RAW DATA -

▬▬▬▬▬▬

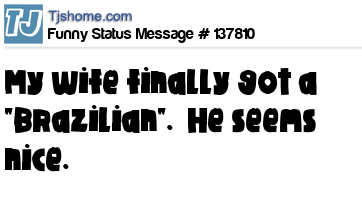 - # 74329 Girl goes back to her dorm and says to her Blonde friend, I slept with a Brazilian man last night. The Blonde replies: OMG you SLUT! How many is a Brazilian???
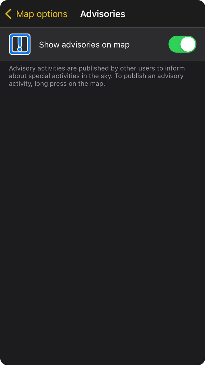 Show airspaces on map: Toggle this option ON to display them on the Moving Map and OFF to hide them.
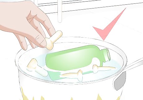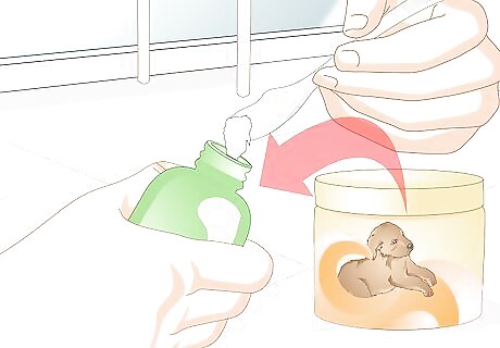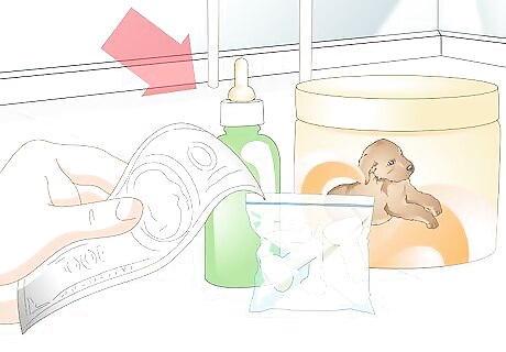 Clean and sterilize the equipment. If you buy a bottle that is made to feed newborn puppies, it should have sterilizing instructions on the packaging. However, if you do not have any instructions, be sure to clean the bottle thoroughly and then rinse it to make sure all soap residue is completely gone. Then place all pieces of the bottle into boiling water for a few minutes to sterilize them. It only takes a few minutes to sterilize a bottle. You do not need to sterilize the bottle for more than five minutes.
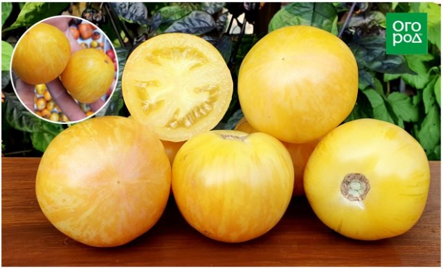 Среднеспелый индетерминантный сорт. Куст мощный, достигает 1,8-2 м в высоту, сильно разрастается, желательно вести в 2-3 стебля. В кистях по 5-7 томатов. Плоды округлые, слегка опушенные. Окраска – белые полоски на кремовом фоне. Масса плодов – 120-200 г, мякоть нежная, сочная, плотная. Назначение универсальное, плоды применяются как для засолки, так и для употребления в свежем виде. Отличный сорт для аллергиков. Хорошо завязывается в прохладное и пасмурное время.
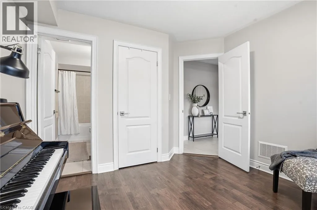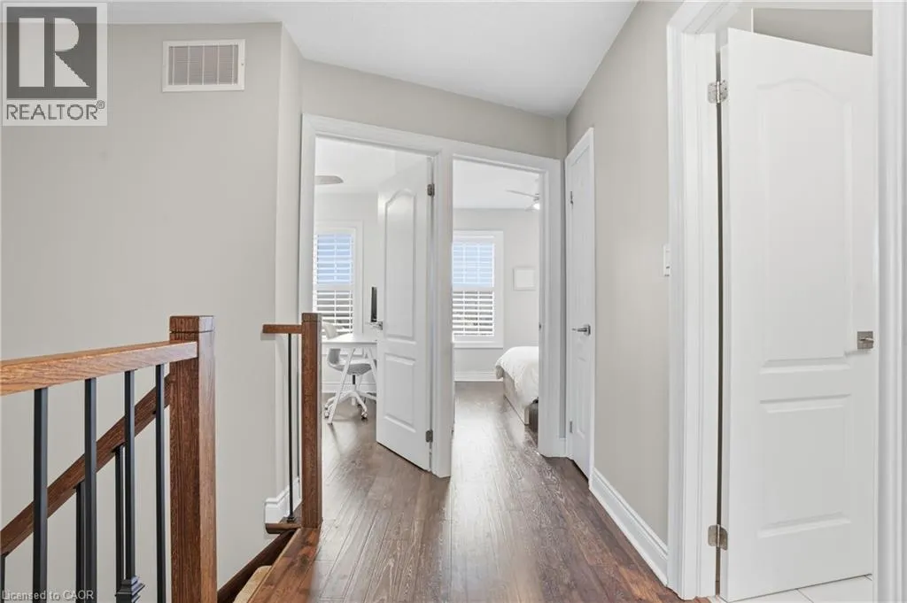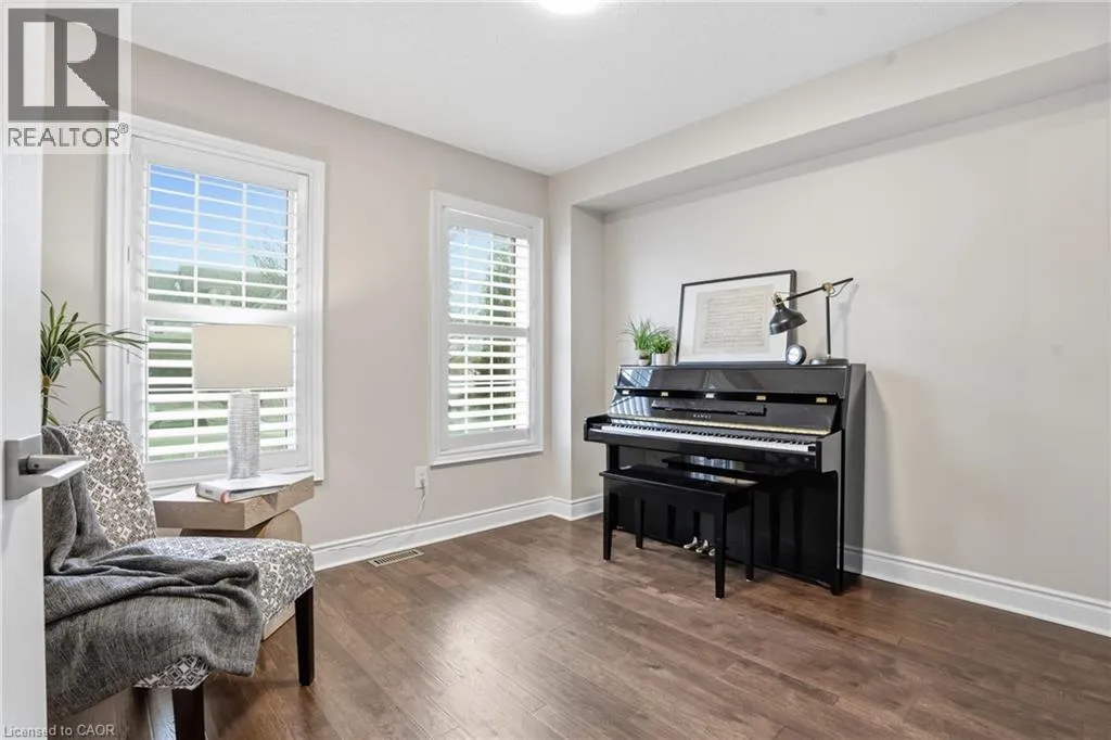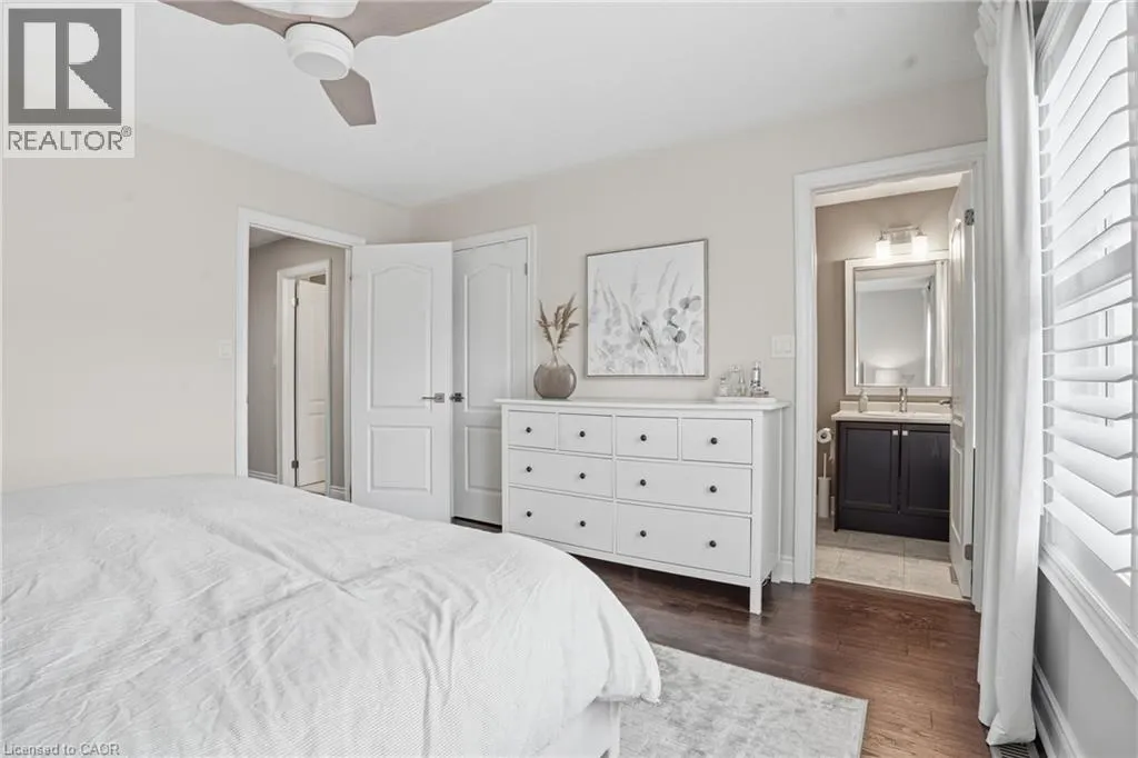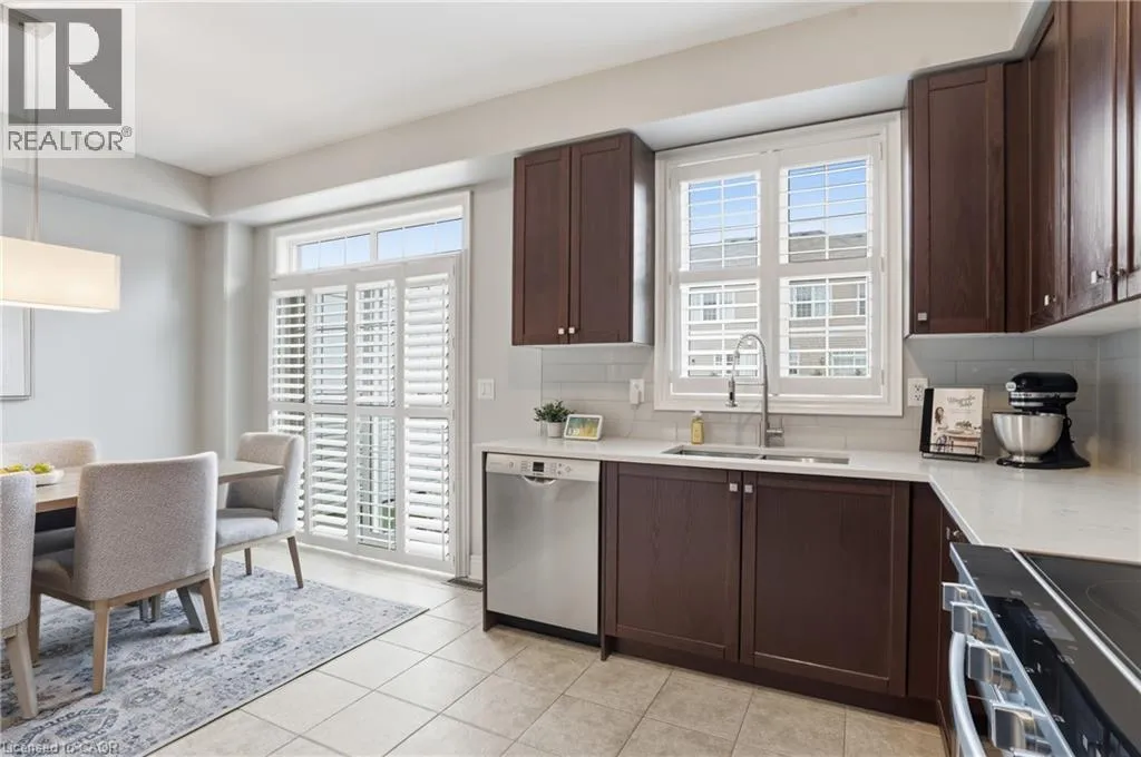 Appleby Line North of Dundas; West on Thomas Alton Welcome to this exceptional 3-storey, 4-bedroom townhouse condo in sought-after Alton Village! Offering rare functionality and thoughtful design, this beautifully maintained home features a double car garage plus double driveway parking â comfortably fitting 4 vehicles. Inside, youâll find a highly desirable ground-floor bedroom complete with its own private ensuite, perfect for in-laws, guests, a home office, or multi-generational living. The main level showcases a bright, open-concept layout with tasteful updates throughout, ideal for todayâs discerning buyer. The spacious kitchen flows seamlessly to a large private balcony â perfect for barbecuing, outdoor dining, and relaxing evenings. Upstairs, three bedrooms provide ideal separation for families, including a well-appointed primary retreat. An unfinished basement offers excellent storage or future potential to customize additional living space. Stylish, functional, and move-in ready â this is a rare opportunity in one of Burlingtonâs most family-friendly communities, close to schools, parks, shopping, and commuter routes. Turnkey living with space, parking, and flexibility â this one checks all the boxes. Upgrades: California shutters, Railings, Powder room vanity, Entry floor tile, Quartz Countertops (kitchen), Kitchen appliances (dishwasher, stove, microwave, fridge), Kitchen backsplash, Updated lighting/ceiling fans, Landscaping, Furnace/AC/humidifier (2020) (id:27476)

▬▬▬▬▬▬

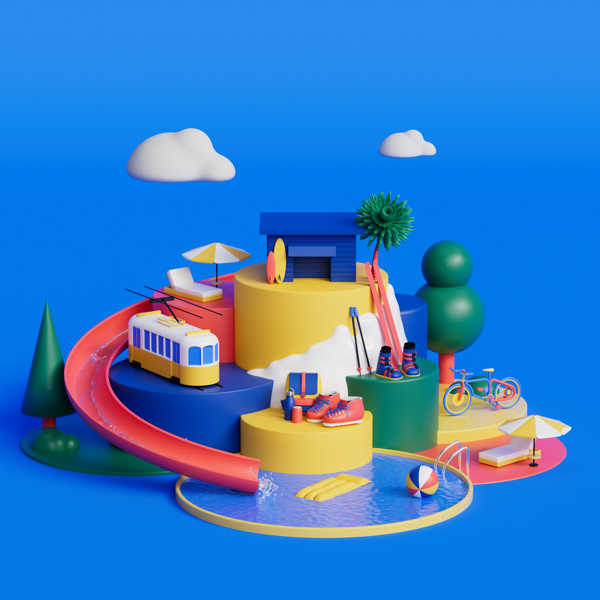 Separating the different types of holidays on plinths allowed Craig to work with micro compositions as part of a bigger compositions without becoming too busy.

▬▬▬▬▬▬

Within the listing above, extract exactly the lines that run from the one containing "Clean and sterilize" through the one containing "Среднеспелый индетерминантный сорт.", excluding any pictures.

 Clean and sterilize the equipment. If you buy a bottle that is made to feed newborn puppies, it should have sterilizing instructions on the packaging. However, if you do not have any instructions, be sure to clean the bottle thoroughly and then rinse it to make sure all soap residue is completely gone. Then place all pieces of the bottle into boiling water for a few minutes to sterilize them. It only takes a few minutes to sterilize a bottle. You do not need to sterilize the bottle for more than five minutes.
 Среднеспелый индетерминантный сорт. Куст мощный, достигает 1,8-2 м в высоту, сильно разрастается, желательно вести в 2-3 стебля. В кистях по 5-7 томатов. Плоды округлые, слегка опушенные. Окраска – белые полоски на кремовом фоне. Масса плодов – 120-200 г, мякоть нежная, сочная, плотная. Назначение универсальное, плоды применяются как для засолки, так и для употребления в свежем виде. Отличный сорт для аллергиков. Хорошо завязывается в прохладное и пасмурное время.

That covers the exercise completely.